Note: A CVS tagged revision will make it into a Perforce label ONLY
when the revision is in fact present in the converted depot, subject
to the branches selected for import. (See the notes for the
"$WANTLINES" variable in the config file).


==== MANIFEST

*** Note: You should unpack the archive on the OS you intend to run
the conversion under. I.e., do not expect to be able to unpack the
archive on a Windows machine, and have it run properly on a *nix host.

After unpacking the distribution archive, use the MANIFEST script to
verify that you have all of the pieces.  The output should look
something like this:

    $ MANIFEST
    MANIFEST
    README
    NEWS
    config.tmpl
    bin/cvs2p4
    bin/genmetadata
    bin/genchanges
    bin/dochanges
    bin/dolabels
    bin/revmap
    bin/srcdiff
    bin/cvs2p4
    lib/util.pl
    src/rcs-5.7/src/rlog.c.patch
    test/file,v
    test/phone.gif,v
    test/dollar$file,v
    test/space file,v
    test/pound#file,v
    test/percent_%file,v
    test/at@file,v
    test/star*file,v
    test/datefile_readd,v
    test/Attic/datefile,v
    test/config.test
    test/runtest
    test/norm
    test/metadata.good
    test/lines.good
    test/changes.good
    test/p4_changes_-l.good
    test/p4_describe.good
    test/p4_describe-new.good
    test/p4_filesat.good
    test/p4_labels.good
  
    All ok
    $

==== REQUIREMENTS    

This stuff should work on any Unix host that supports:

  - Perl 5.x, with working dbm support (i.e., dbmopen()/dbmclose()
    work).
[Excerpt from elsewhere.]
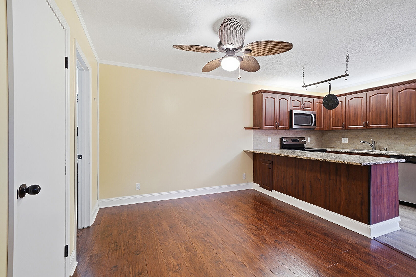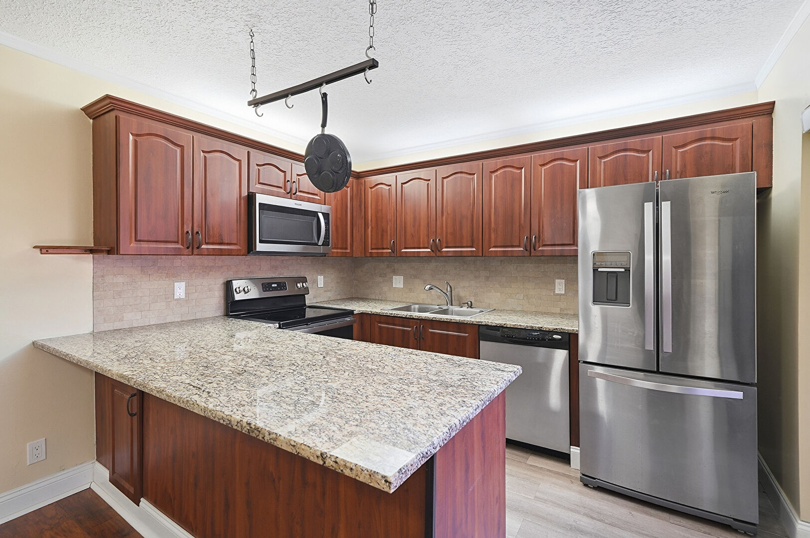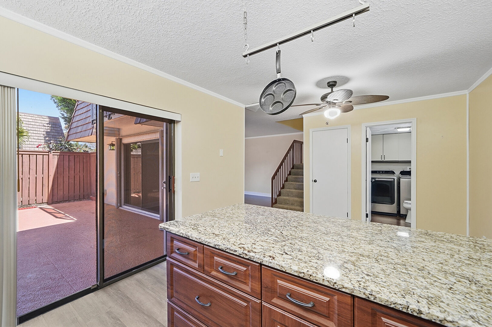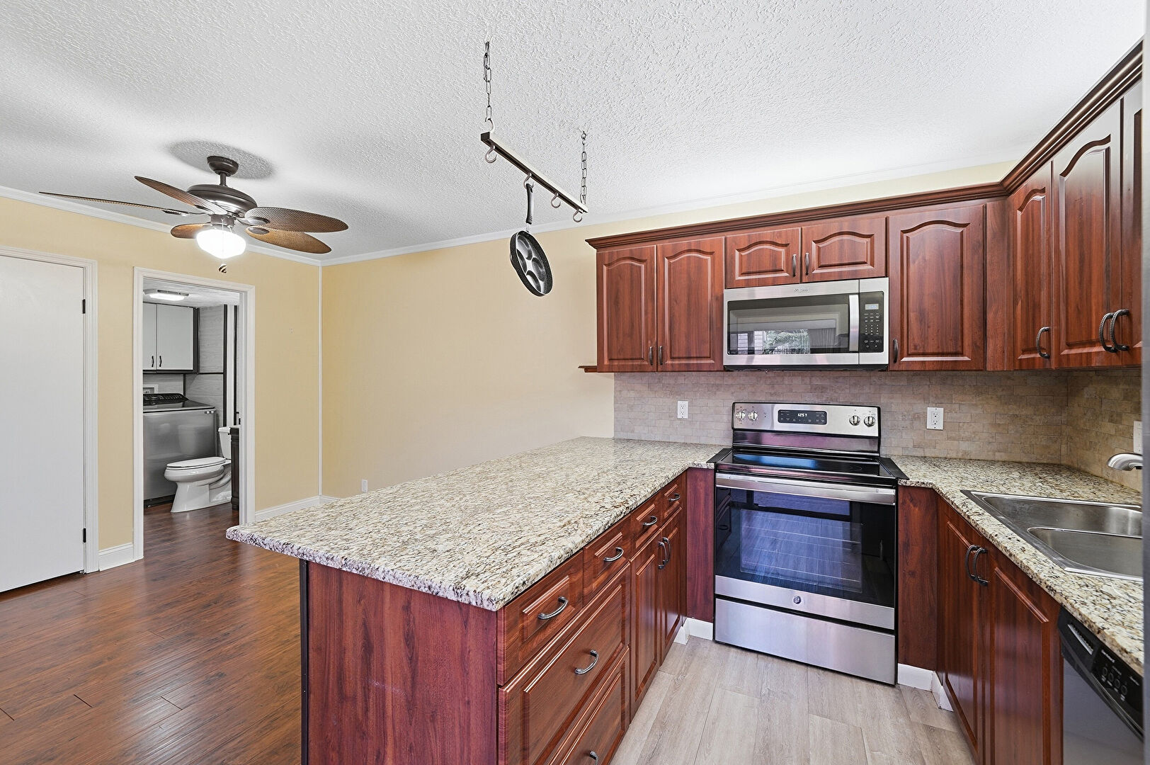Arched Cabinets, Baseboards Wall, Ceiling Fan, Crown Molding, Crown Molding Cabinets, Drywall, Kitchen Peninsula, Laundry, Medium Brown Cabinets, Natural Light, Raised Cabinets, Reddish Brown Cabinets, Stone Countertops, Textured Ceiling, Track Lighting, U Shaped Kitchen, Washer Dryer, Wood Finish Floor, Ceiling Fan, Raised Cabinets, Stone Countertops

The scripts assume that perl will be found via $PATH. It
    must be a perl5! Some people have reported problems that seem to
    be related to dbm limitations with some perls when converting very
    large repositories. I like implementations based on Berkeley-DB.
    As supplied, you'll need to have the perl DB_File package installed.

  - Compiler suite capable of building RCS 5.7 (to make a special
    slightly tweaked version of rlog from a patch supplied with this
    package).

  - Perforce server (p4d) release 2002.1 or later.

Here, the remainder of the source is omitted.